Dataset records:
_ _ _ _
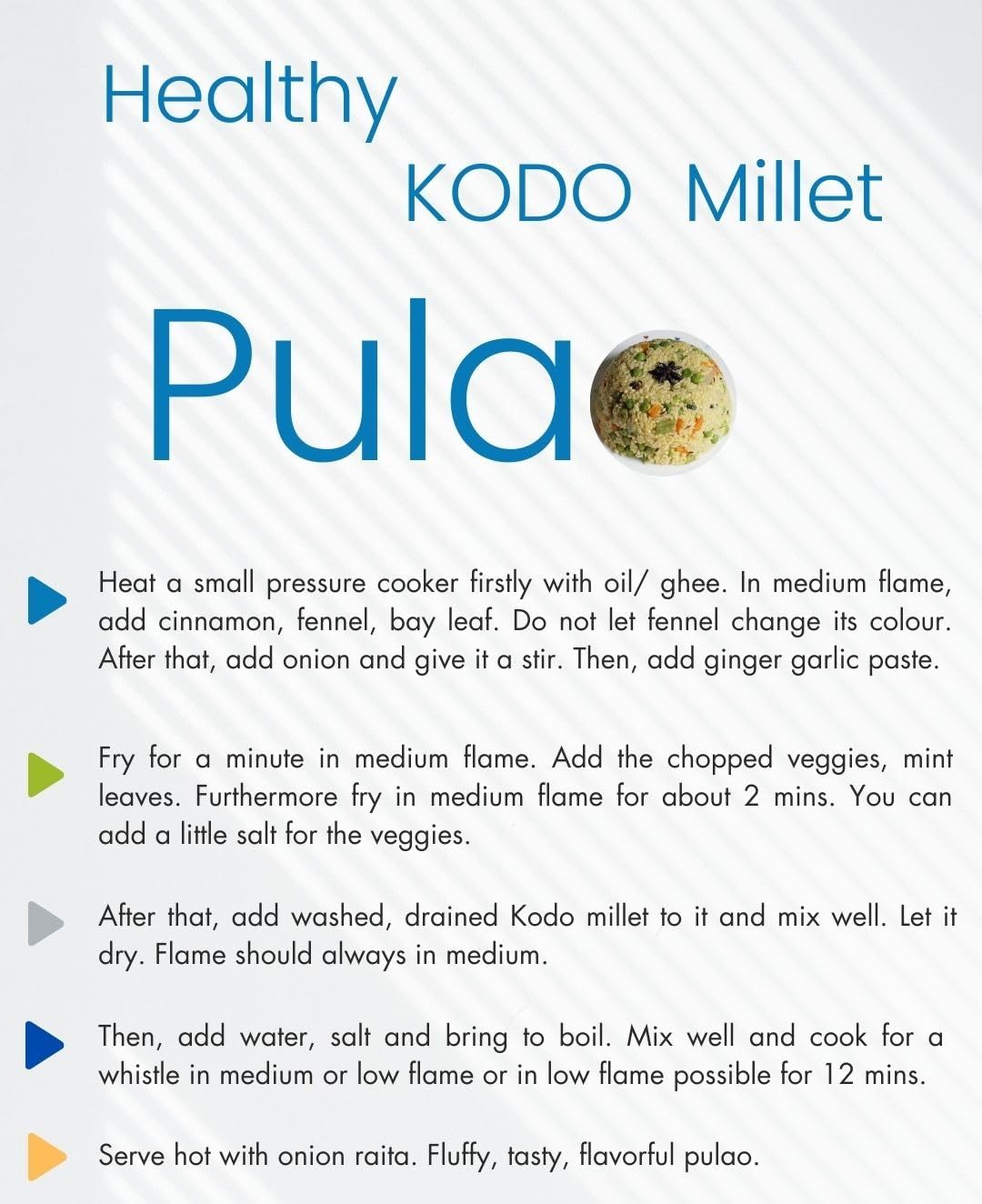Kodo Millet an ancient grain is gaining attention for its nutritional benefits over rice. It grows well in dry areas and packs more fiber protein iron and calcium than rice. Plus it's gluten-free and has a lower sugar impact making it great for digestion and diabetes management. Eating Kodo Millet can support heart health keep energy levels stable and aid in bone strength and muscle repair. And if you're watching your weight it's typically lower in calories than rice. So by making the switch you can enjoy a tastier healthier diet without sacrificing on flavor or nutrients. Cook it like Rice: Replace rice with Kodo Millet in your favorite dishes like biryani pulao or as a side dish. Cook it just like you would cook rice but with added nutritional benefits. Prepare Kodo Millet Upma: Saute chopped vegetables like carrots peas and onions add soaked and drained Kodo Millet and cook with spices for a delicious and filling upma.
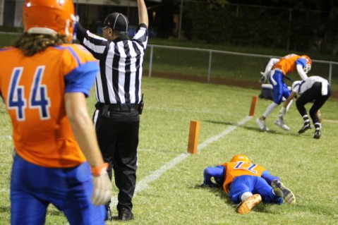 Caden Chung stretches the ball over the goal line scoring on a 20 yard run
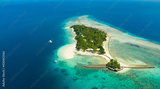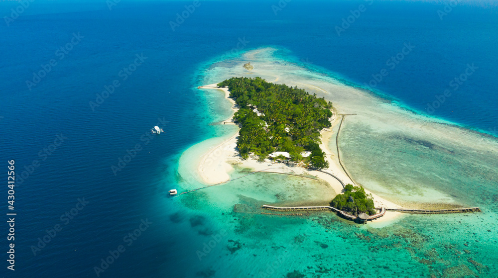 Little Liguid Island with beautiful beach, palm trees by turquoise water view from above. Little Cruz Island, Philippines, Samal.
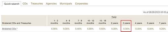 3-year CD directly from a credit union5.13%3-year Treasury4.7% (tax-equivalent), 4.3% in IRA3-year new issue non-callable brokered CD4.7%3-year secondary non-callable brokered CD4.7%Given these rates, if we prefer the convenience of keeping everything in the brokerage account, we’ll buy a 3-year Treasury note (see How To Buy Treasury Bills & Notes Without Fee at Online Brokers and How to Buy Treasury Bills & Notes On the Secondary Market). We’ll buy a CD directly from a credit union for a slightly higher yield if we don’t mind opening a new account there. If we’re buying in an IRA, we’ll consider a new issue brokered CD but we have to weigh it against the poor liquidity. Buying a brokered CD on the secondary market doesn’t give us a meaningful bargain at the moment we looked.
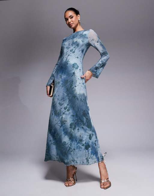 Rare London – Maxikleid in Blaugrün mit ausgestellten Ärmeln, transparenten Details und Blumenmuster
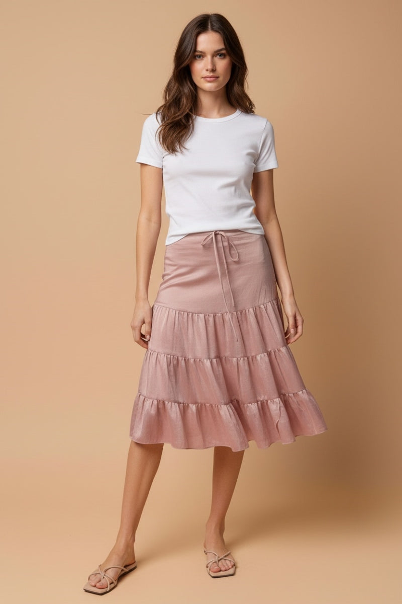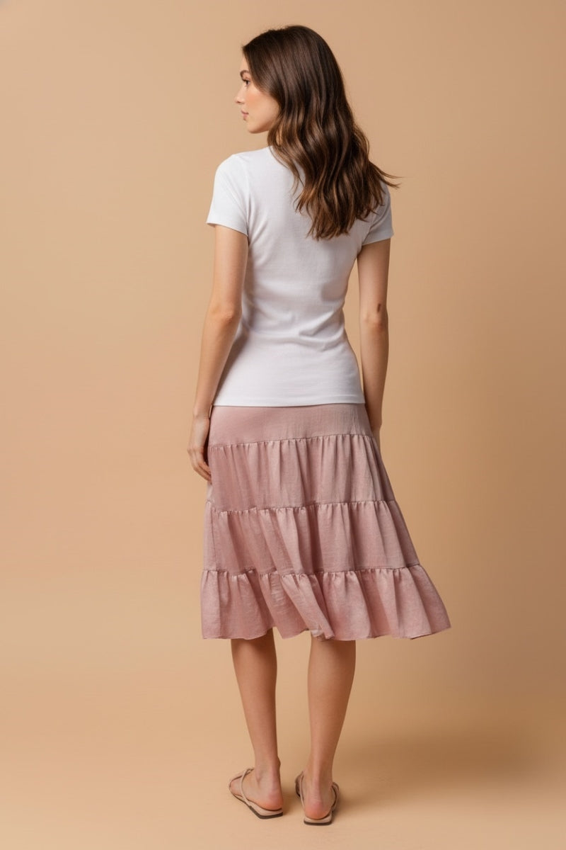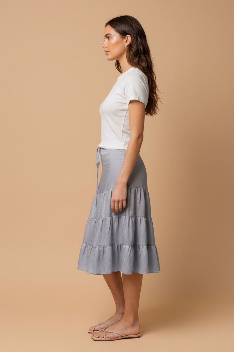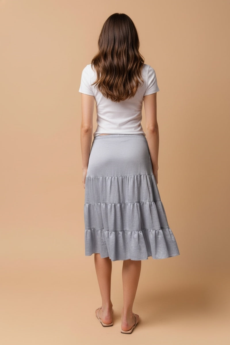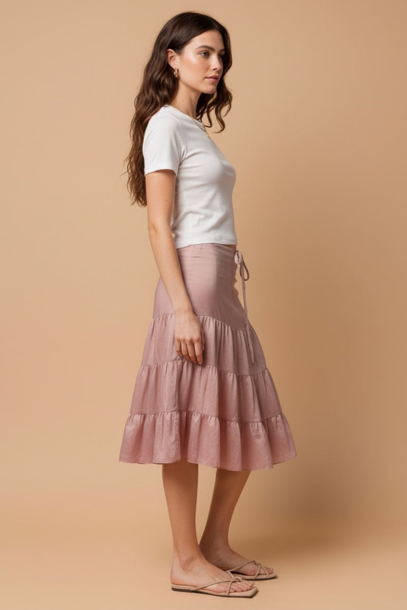Linen Drop-Waist Tiered Midi Skirt
_ _ _ _
• Task to carry out: Please write out all the entries above exactly, but leave out the pictures.

• Answer to the exercise:
Kodo Millet an ancient grain is gaining attention for its nutritional benefits over rice. It grows well in dry areas and packs more fiber protein iron and calcium than rice. Plus it's gluten-free and has a lower sugar impact making it great for digestion and diabetes management. Eating Kodo Millet can support heart health keep energy levels stable and aid in bone strength and muscle repair. And if you're watching your weight it's typically lower in calories than rice. So by making the switch you can enjoy a tastier healthier diet without sacrificing on flavor or nutrients. Cook it like Rice: Replace rice with Kodo Millet in your favorite dishes like biryani pulao or as a side dish. Cook it just like you would cook rice but with added nutritional benefits. Prepare Kodo Millet Upma: Saute chopped vegetables like carrots peas and onions add soaked and drained Kodo Millet and cook with spices for a delicious and filling upma.
 Caden Chung stretches the ball over the goal line scoring on a 20 yard run
 Little Liguid Island with beautiful beach, palm trees by turquoise water view from above. Little Cruz Island, Philippines, Samal.
 3-year CD directly from a credit union5.13%3-year Treasury4.7% (tax-equivalent), 4.3% in IRA3-year new issue non-callable brokered CD4.7%3-year secondary non-callable brokered CD4.7%Given these rates, if we prefer the convenience of keeping everything in the brokerage account, we’ll buy a 3-year Treasury note (see How To Buy Treasury Bills & Notes Without Fee at Online Brokers and How to Buy Treasury Bills & Notes On the Secondary Market). We’ll buy a CD directly from a credit union for a slightly higher yield if we don’t mind opening a new account there. If we’re buying in an IRA, we’ll consider a new issue brokered CD but we have to weigh it against the poor liquidity. Buying a brokered CD on the secondary market doesn’t give us a meaningful bargain at the moment we looked.
 Rare London – Maxikleid in Blaugrün mit ausgestellten Ärmeln, transparenten Details und Blumenmuster
Linen Drop-Waist Tiered Midi Skirt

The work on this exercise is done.